[Agora, segurem. É o início do ensaio do projeto. Sua primeira página. Só para registrar.]
Claro que o ateu Heidegger não está falando do deus cristão. Ou não está falando apenas dele. Mas de uma ideia de um ente transcendental, portanto além do homem, que dê um “sentido” ou um “valor” para a vida do homem. É como se, na entrevista, Heidegger não acreditasse mais na possibilidade de um deus aparecer. Ou de um deus novo aparecer. Como se após quase um século após Nietzsche ter escrito a sentença que para sempre ficaria associada à sua biografia, “Deus está morto”, nenhum outro ícone tivesse se apresentado para substituí-lo. Daí a sua pouca confiança no papel da filosofia no tempo em que deu a entrevista, e daí, igualmente, a crença de que a cibernética seria a forma de pensar que a substituiria. Seríamos uma sociedade cada vez menos humana e cada vez mais tecno-científica. Era um Heidegger, como dito, decepcionado com os caminhos tomados pela humanidade.

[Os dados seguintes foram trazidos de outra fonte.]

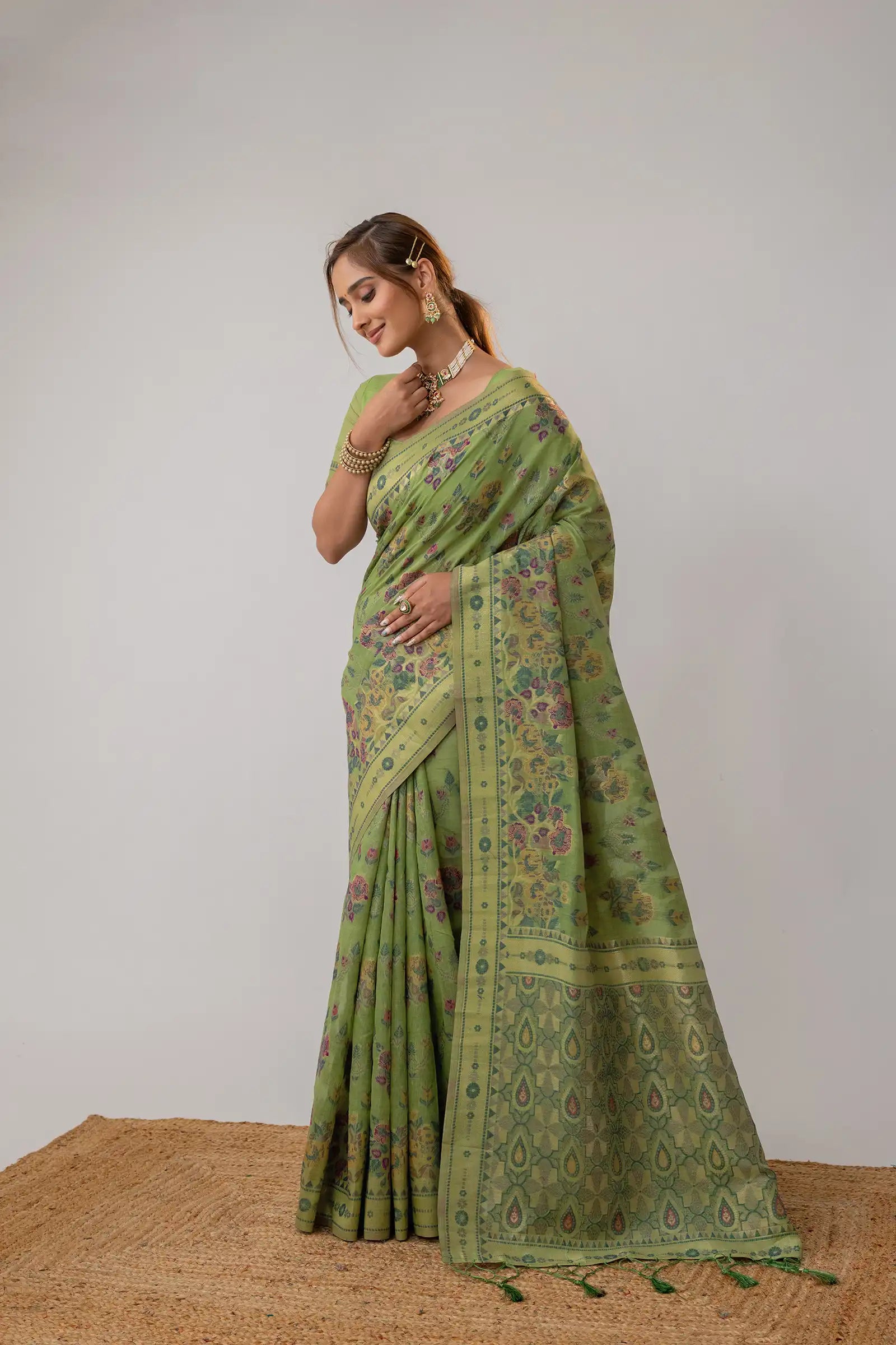 Many of our collections feature handwoven and handcrafted sarees made by local artisans using traditional techniques passed down through generations.

O interpretação do tema da morte de deus é uma constante na obra de Heidegger. Aparece, pelo menos, já em “Beiträge zur Philosophie (Vom Ereignis)”, escrito entre 1936 e 1938, e publicado em 1989. Ou ainda antes, nos seus cursos sobre Hölderlin de 1934/35. Mas há um momento específico que ele toca diretamente no assunto para opinar sobre a interpretação de seu conterrâneo Friedrich Nietzsche (1844-1900) sobre o caso. É o texto “Nietzsches Wort ‘Gott ist tot’”, de 1943 (numa tradução livre: “A palavra de Nietzsche: ‘Deus está morto’”.
Como explica Benedito Nunes, em “Crivo de papel”, num primeiro momento da filosofia de Heidegger, ele se diz favorável à ideia de uma filosofia apartada de deus, ou uma filosofia ateia, simplesmente para dar vazão à sua preocupação, pelo que parece, fenomenológica, de se ater às questões materiais, ou melhor, factíveis, factuais, relativas ao que existe. Portanto, não nega, em princípio e/ou necessariamente, a existência de deus, mas não o considera como o seu principal tema de estudo ou de foco de pensamento. Nesse primeiro momento, Heidegger veda a participação da fé cristã. Mas, de acordo com Nunes, essa atitude ateística de Heidegger problematiza a fé - porque não explica nem acaba com a existência do deus, apenas o coloca em suspenso -, e aponta para como a ideia do deus hebraico-cristão penetrou na concepção do homem, como nós o conhecemos atualmente, ou o Dasein, na terminologia heideggeriana.